## TASK BRIEF
Each line below is to be repeated exactly; any picture is to be left out.

## GIVEN MATERIAL
· · · ·

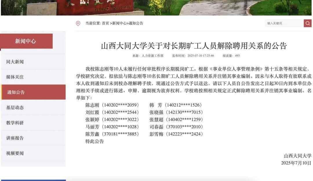 7月10日,山西大同大学发布公告,拟解聘10名长期脱岗旷工人员并注销其事业编制。7月12日,记者获悉,相关人员均为教师,截至目前暂无人与学校联系。
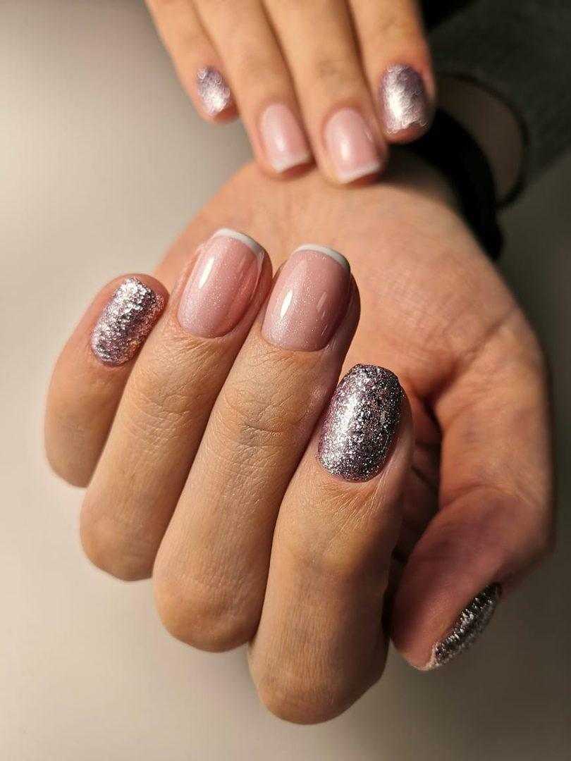 - Блестки. Являются одними из любимых покрытий девушек. Блестки можно размещать по всей поверхности ногтя или только на определенной части, а также украшать узоры.
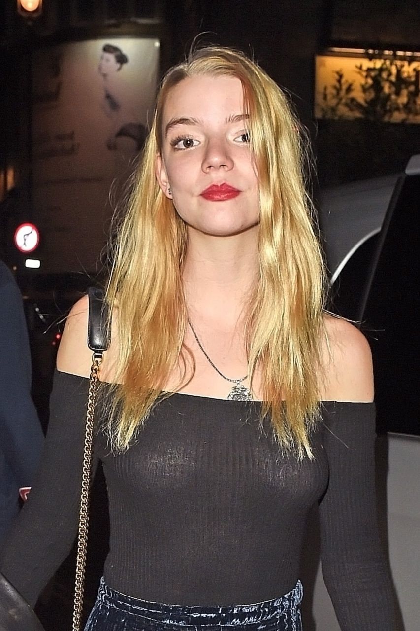 Blonde sexy actress Anya Taylor-Joy was seen leaving the Chiltern Firehouse in London. Anya showed her nipples, and saggy tits in see thru blouse with also naked shoulders!
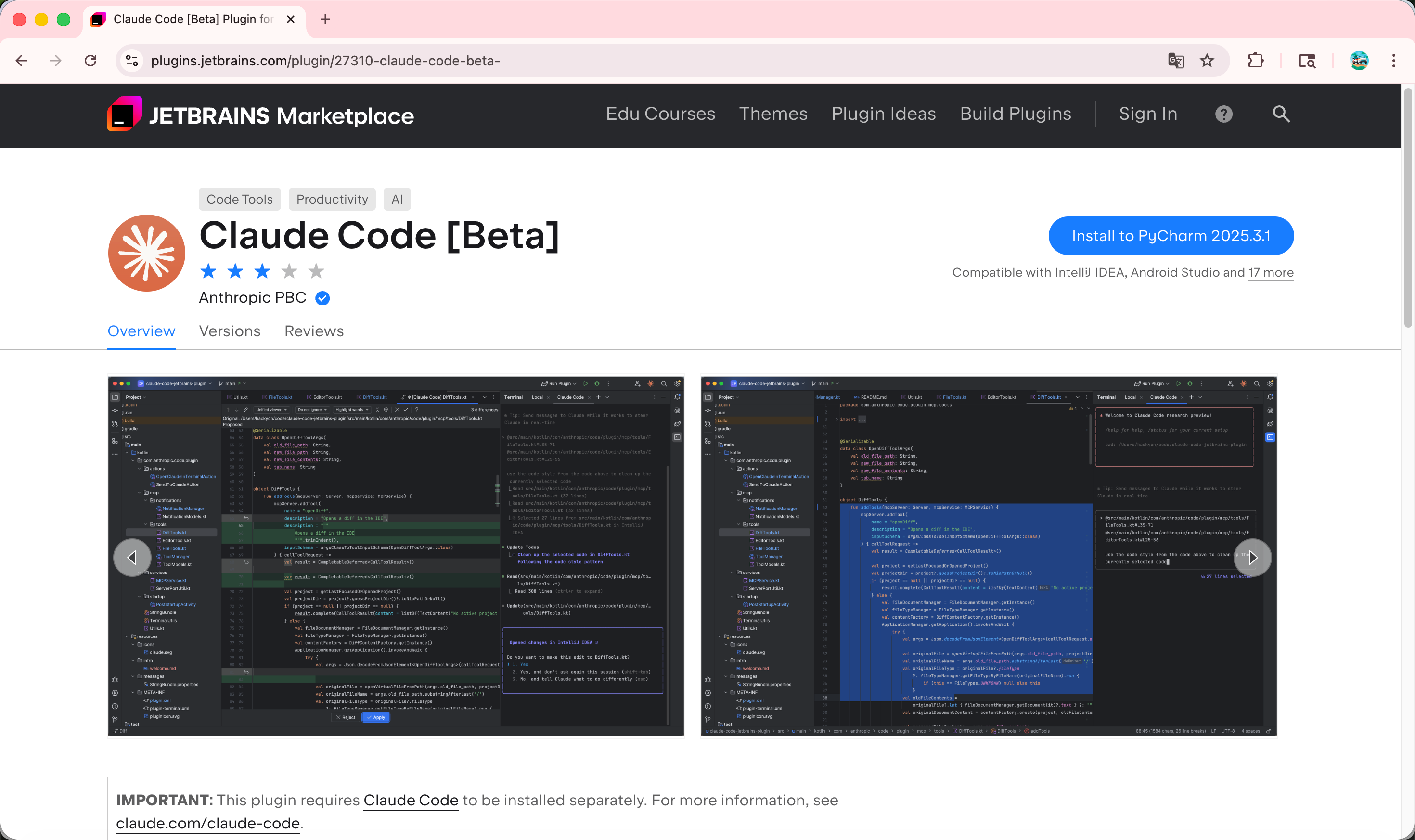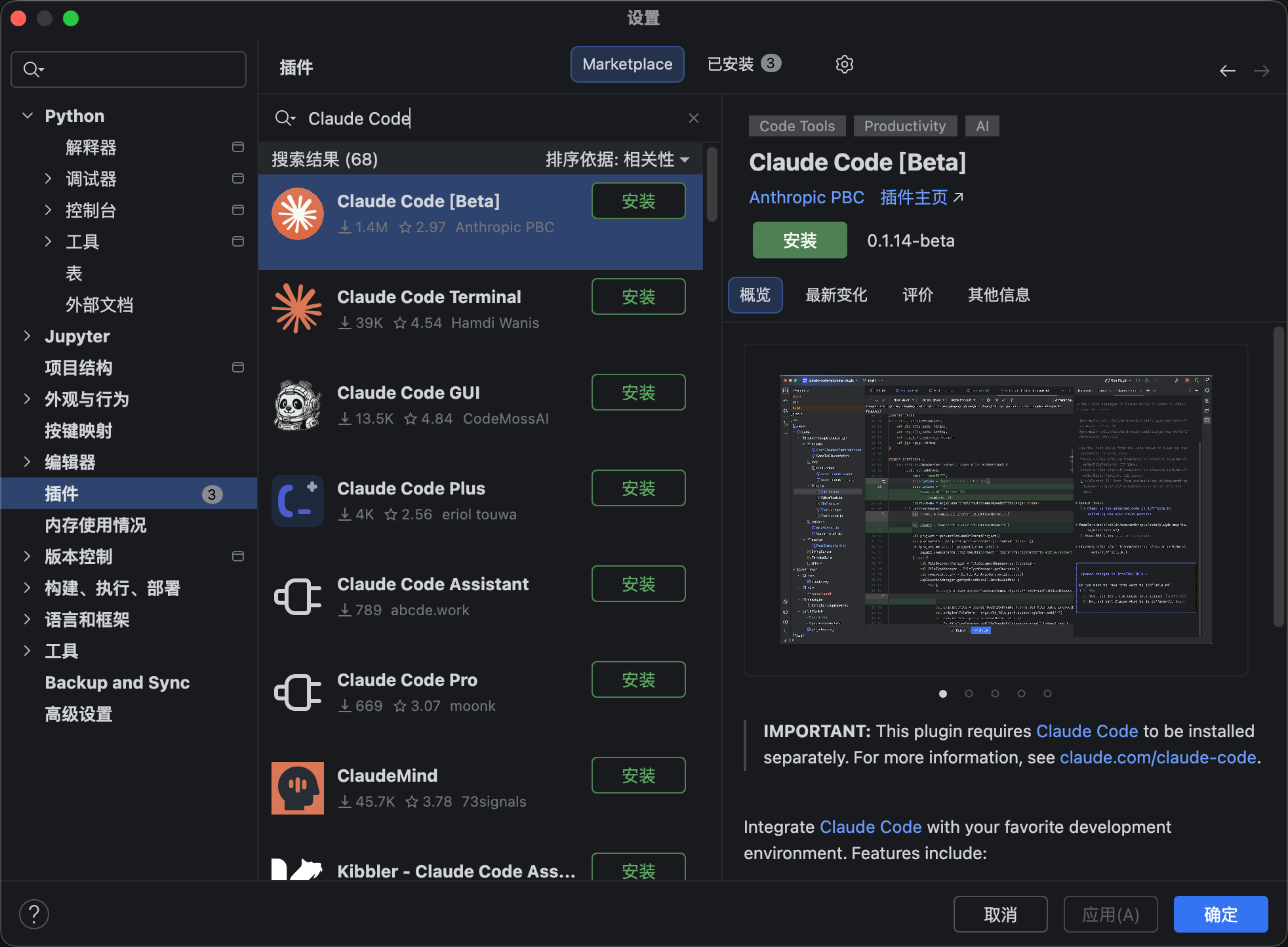 https://plugins.jetbrains.com/plugin/27310-claude-code-beta-

· · · ·

## FINISHED TASK
 7月10日,山西大同大学发布公告,拟解聘10名长期脱岗旷工人员并注销其事业编制。7月12日,记者获悉,相关人员均为教师,截至目前暂无人与学校联系。
 - Блестки. Являются одними из любимых покрытий девушек. Блестки можно размещать по всей поверхности ногтя или только на определенной части, а также украшать узоры.
 Blonde sexy actress Anya Taylor-Joy was seen leaving the Chiltern Firehouse in London. Anya showed her nipples, and saggy tits in see thru blouse with also naked shoulders!
 https://plugins.jetbrains.com/plugin/27310-claude-code-beta-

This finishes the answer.